日本瓦斯 代表取締役社長 執行役員 和田眞治氏

日本瓦斯 代表取締役社長 執行役員 和田眞治氏

従来型のレガシーシステムで本当に良いのか?

さまざまな分野で第4次産業革命によるDXが進み、これまでにないスピードと規模で大きなパラダイムシフトが起きている。和田氏は「新たなテクノロジーに法律/会計基準/経営を合わせていかなければならない。しかし、現在どんなパラダイムシフトが起こり、どのように第4次産業革命が起こっているのかということを論理的に理解して言語化できている人は少ない」と現状に対する自身の見解を述べた上で、現在のパラダイムシフトで起きている動きを表した概念図を紹介した。

現在のパラダイムシフトで起きている動き

「これまでは物理空間の制約を受けて、経済の非対称が利益となる時代でした。さらに国家のような中央管理型の組織によって社会システムが管理されていました。しかし、これからは中央管理組織が必要とされない社会システムが動き出す時代となります。仮想通貨やブロックチェーンはその代表的な仕組みの一つです。国家と国民の関係は、コトの価値/個人の価値/プライベートコミュニティの価値へと置き換わります。こうした時代に、従来型のコンサバシステムやレガシーシステムで本当に良いのか考えてみていただきたいと思います」(和田氏)

X-Roadとブロックチェーンを商用に実装

トップダウンでDXを推し進めてきたニチガス。ビッグデータ、IoT、AIをいかにしてDXの実装につなげてきたのだろうか。和田氏はまず、エネルギー業界に特化したニチガスのクラウド業務システム「雲の宇宙船」を紹介した。

雲の宇宙船

雲の宇宙船の中核を担うのは、データの収集統合基盤「ニチガスストリーム」だ。同基盤において、現場業務用のスマートフォンをはじめさまざまなデバイスから集まるビッグデータが世界標準に規格統一され、AIによるデータ解析を経てそれぞれのシステムに反映されていく。
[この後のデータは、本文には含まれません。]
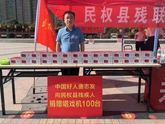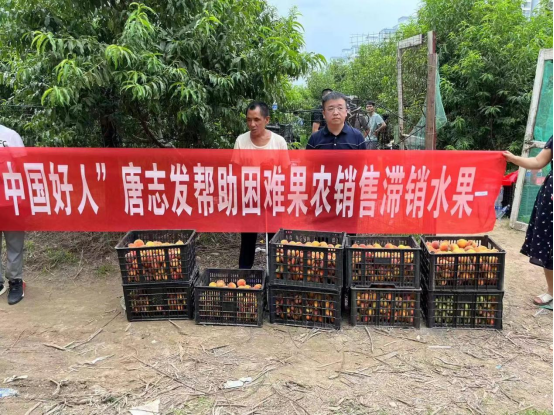 俗话说,吃水不忘挖井人。创业成功后的唐志发,一直心系家乡群众、关心家乡发展。他回到家乡商丘市民权县,开始支持参与扶危济困、捐资助学等公益事业。他先后发起组建了民权县帮扶好人协会、民权县孝善敬老志愿服务队、民权县好人事迹宣讲团等多个志愿服务团队,和众多志愿者携手培育了“爱心义剪”“爱心义诊”“好人事迹宣讲”“爱心助农”“困难帮扶”等优秀服务项目,并积极参与扶助创业、疫情防控、防汛抗灾等各种社会公益活动。多年的公益心、公益行,使他成为了家乡社会公益事业的代言人。比如,今年春季,在了解到家乡农产品滞销情况后,唐志发数次组织助农帮扶志愿服务队,主动联系家乡王桥镇大凡村、绿洲街道办事处赵庄新村、野岗镇顿庄村等菜农果农,帮助销售滞销蔬菜瓜果10万余斤,为他们挽回经济损失10万余元,并自费采购生活困难残疾果农1万余斤黄桃,全部免费送给群众。再如,在贫困助学中,他作为民权县“新时代好少年”爱心大使,按照每人每年2000元标准,坚持长期资助生活困难“新时代好少年”,资助金额累计20余万元。
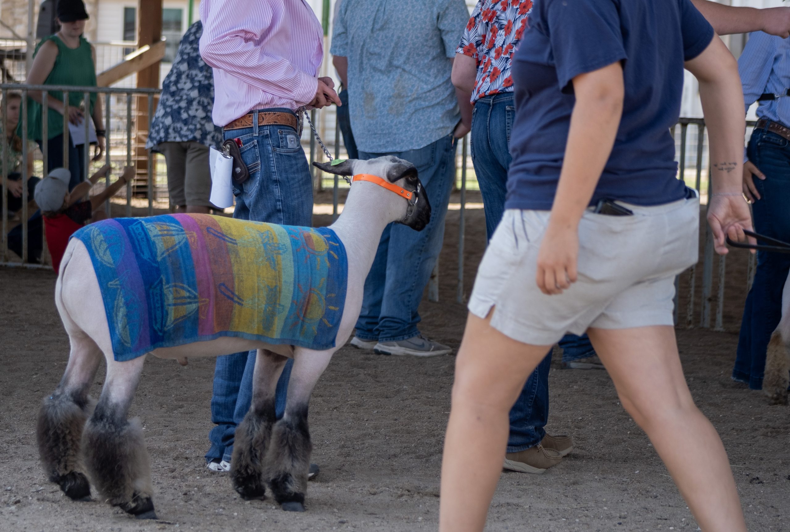 LIBERAL, KS– The sound of bleating sheep and goats precede giggling children as they run in their boots across the dirt and gravel. Most of them are accompanied by their own sheep, goat, pig, or cow as they guide them to the livestock barn– some are a little more reluctant than others.
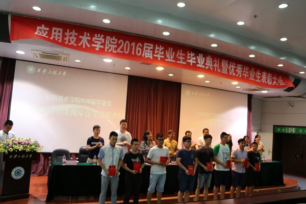 毕业典礼在雄壮的国歌声中拉开帷幕。院长马保科发表了热情洋溢的致辞。他热情祝贺毕业生完成学业,同时语重心长地向全体毕业生提出了殷切的希望和要求,也希望毕业生常回家看看,继续关心和支持母校的发展。党总支副书记仝燕宣读了学院2016届优秀毕业生、优秀学生干部名单,副院长宣读了学院参加2016年陕西省专升本考试录取情况。主席台嘉宾为获奖学生颁发了荣誉证书。教师代表王惠欣向毕业生深情寄语,13级染整技术专业孟玮、13级计算机科学技术专业尚科言代表全体毕业生发言,对母校多年来的培养表示衷心的感谢。党总支书记张智荣讲话,号召广大毕业生不辜负学院的期望,以百倍的热情和昂扬的斗志,投入到今后的学习和工作中,奋发图强。

ニチガスストリームについて、和田氏は「データの特性に応じてどういう通信技術で運用するかはIoT技術の重要な部分。LTE、Sigfox、4G、5Gといった各通信規格は、通信距離/消費電力/周波数帯などに違いがある。そのため、データによって静的解析、動的解析、リアルタイム解析を使い分ける必要があるほか、通信技術をどう構成するか、センサやデバイスから双方向での通信が必要なのか否か、常時接続が必要なのかなど、さまざまな事項を検討しなければならない」と説明する。

こうした課題を解決するためニチガスは、IoT通信プラットフォームを提供するソラコムと協業。データ通信に関わる費用を最小化する技術を開発し、ニチガスストリームへと実装している。